Vitamin B1 (Thiamine) Benefits, Foods and Daily Intake

Vitamin B1 helps the body convert food into energy and supports the nervous system, brain function, and overall health.

foods rich in vitamin B1

About Vitamin B1

Vitamin B1, also known as thiamine, is a water-soluble vitamin that plays a key role in energy metabolism.

It helps the body convert carbohydrates into energy and supports proper nerve and muscle function.
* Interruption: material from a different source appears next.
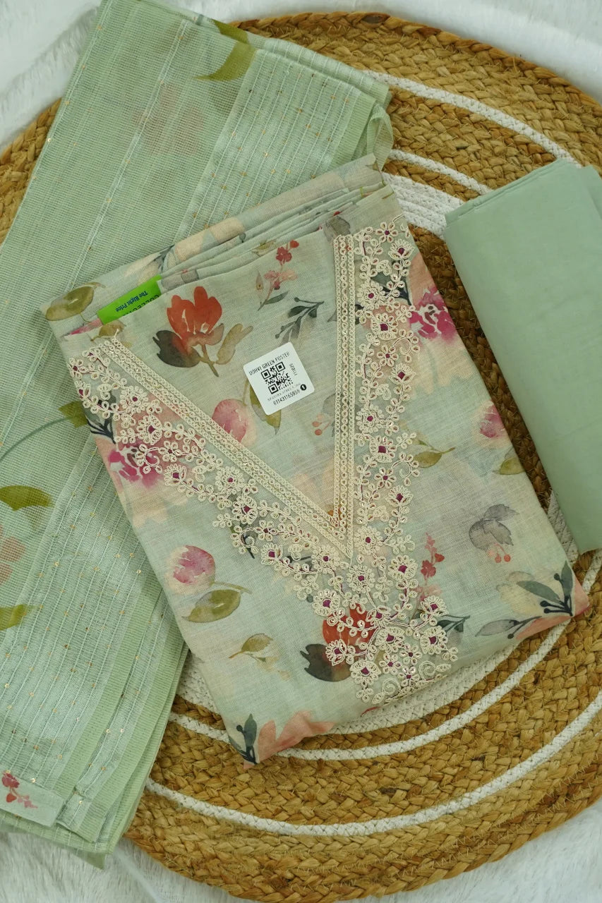 Embrace subtle elegance with the Mint Garden Unstitched Kurti Set, designed in soothing pastel green tones with delicate floral prints. The kurti fabric is beautifully enhanced with intricate embroidery along the neckline, adding a refined handcrafted touch to the design.

Why Is Vitamin B1 Important?

Vitamin B1 is essential for energy production, brain function, and maintaining a healthy nervous system.

Benefits of Vitamin B1

  • Supports energy production
  • Helps nervous system function
  • Supports brain health
  • Helps convert food into energy
  • Supports heart function

Foods Rich in Vitamin B1

  • Pork
  • Sunflower seeds
  • Brown rice
  • Oats
  • Beans
  • Nuts
  • Whole grains

Top 3 Foods Highest in Vitamin B1

Vitamin B1 Daily Intake

Group Recommended Daily Intake
Adult Men 1.2 mg
Adult Women 1.1 mg
Children 0.5–1.0 mg

Vitamin B1 Deficiency Symptoms

  • Fatigue
  • Weakness
  • Nerve problems
  • Loss of appetite
  • Irritability

Vitamin B1 Overdose Risks

  • Very rare toxicity
  • Excess usually removed by the body

Vitamin B1 Supplements

Supplements may be helpful for people with low intake or certain health conditions.
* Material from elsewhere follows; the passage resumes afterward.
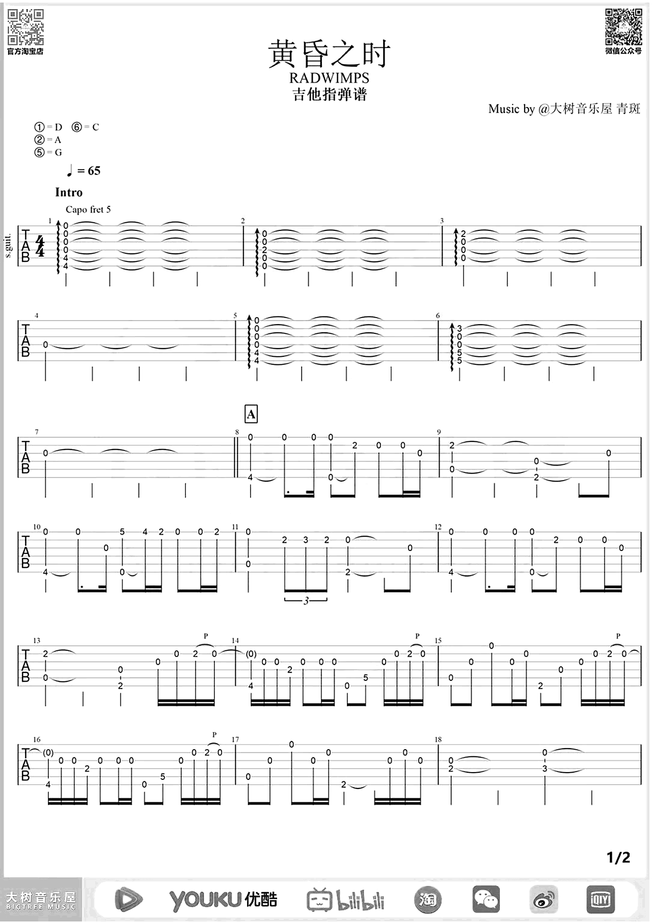 曲谱介绍: 《黄昏之时》吉他指弹谱,动漫电影《你的名字》插曲ost,附《黄昏之时》吉他指弹演示视频,演奏需要特殊调弦,把1246弦调低,变调夹夹五品。两张图片六线谱。 熟悉的旋律能一下让人记起了电影里的画面,仿佛黄昏时金色的阳光,温暖,安静的洒在大地上,山上吹着晚风看日落的感觉,放松、惬意。非常好听的一首纯音乐。

Most people can get enough vitamin B1 from a balanced diet.

Related Vitamins and Minerals

FAQ

What happens if I don’t get enough vitamin B1?
Deficiency can cause fatigue, nerve problems, and weakness.

Can I get vitamin B1 from food only?
Yes, whole foods like grains, meat, and seeds provide enough for most people.

Is vitamin B1 important for energy?
Yes, it plays a key role in converting food into energy.